Мучимая тягостными чувствами, Елизавета вслед за своим супругом пересекает площадь Святого Марка, направляясь к собору. Затем их величества прибывают в императорский дворец, безвкусно отделанный, представляющий собой настоящий лабиринт, в котором Елизавета ориентируется с немалым трудом. Августейшая пара нередко прогуливается по улицам Венеции, но на первых порах любая попытка приветствовать их радостными возгласами тут же пресекается окружающими. Народ хранит намеренное молчание. Больше всего императорскую чету сторонятся знатные дворянские семьи города.

29 ноября императорская чета устраивает приём. Выясняется, что на нём отсутствуют Пизани, Дольфин, Джустиниан и немало других семейств. Из 130 аристократов засвидетельствовать императору своё почтение являются всего 30. Дам прибывает больше, но они будут долго помнить это событие.
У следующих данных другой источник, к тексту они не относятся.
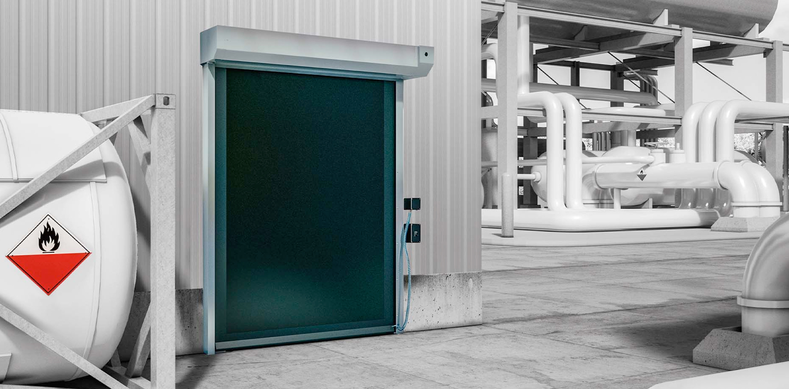 ATEX (Atmosphères Explosibles) rated doors are specially designed for sites where flammable gases, vapours, dust, or airborne particles may ignite.

Прежде чем добраться до ворот дворца, красавицы из прославленных старинных родов, высадившись из гондол в своих роскошных придворных туалетах, вынуждены пробираться оставшиеся двести метров сквозь плотную толпу народа, по пути им приходится выслушивать самые бранные слова и оскорбления в свой адрес. Всё это не остаётся незамеченным Елизаветой. Она ощущает такую ледяную атмосферу, когда супруги посещают театр Фениче, где их почти никто не приветствует, а ложи самых знатных семейств пустуют.
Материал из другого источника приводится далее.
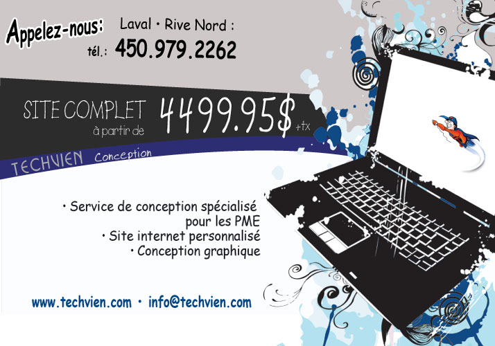 Il est important d'être présent sur l'internet compte tenu qu'il s'agit d'un moyen de recherche de plus en plus commun que ce soit à travers les moteurs de recherche Google, La Toile du Québec ou MSN. Votre compagnie ce doit d'avoir une place et une part de ce marché toujours en croissance. Nous sommes en mesure de créer votre site internet selon vos besoins et vos objectifs d'entreprise en vous offrant un forfait clé en main sur mesure. Vous pouvez aussi profiter de notre fofait ci-bas. STIL Informatique vous assure une vitrine professionnelle qui vous démarquera sans aucun doute de vos compétiteurs

Император и императрица не удивляются, они были готовы к чему-то подобному, и теперь для них важно образумить людей, насколько это возможно. Елизавета использует для этого весь свой шарм. Объясняться с людьми ей нелегко. Принц Александр Гессенский, брат русской императрицы, который служит в австрийской армии, расквартированной в Италии, находит, правда, Елизавету «jolie comme un coeur», но не в силах сдержать улыбку, слыша её короткие, заученные итальянские фразы, равно как и её не слишком беглую французскую речь. Однако венецианцы, несмотря на все свои политические воззрения, не остаются равнодушными к красоте императрицы. Чем дольше остаётся в городе императорская чета, тем дружелюбнее становится население. Императора и императрицу уже начинают приветствовать то тут, то там. Когда 3 декабря издаются декреты об амнистии и аннулируется конфискация имущества политических эмигрантов, ситуация значительно улучшается. На следующий день в театре Фениче Франца Иосифа и Елизавету даже встречают громкими повторяющимися аплодисментами.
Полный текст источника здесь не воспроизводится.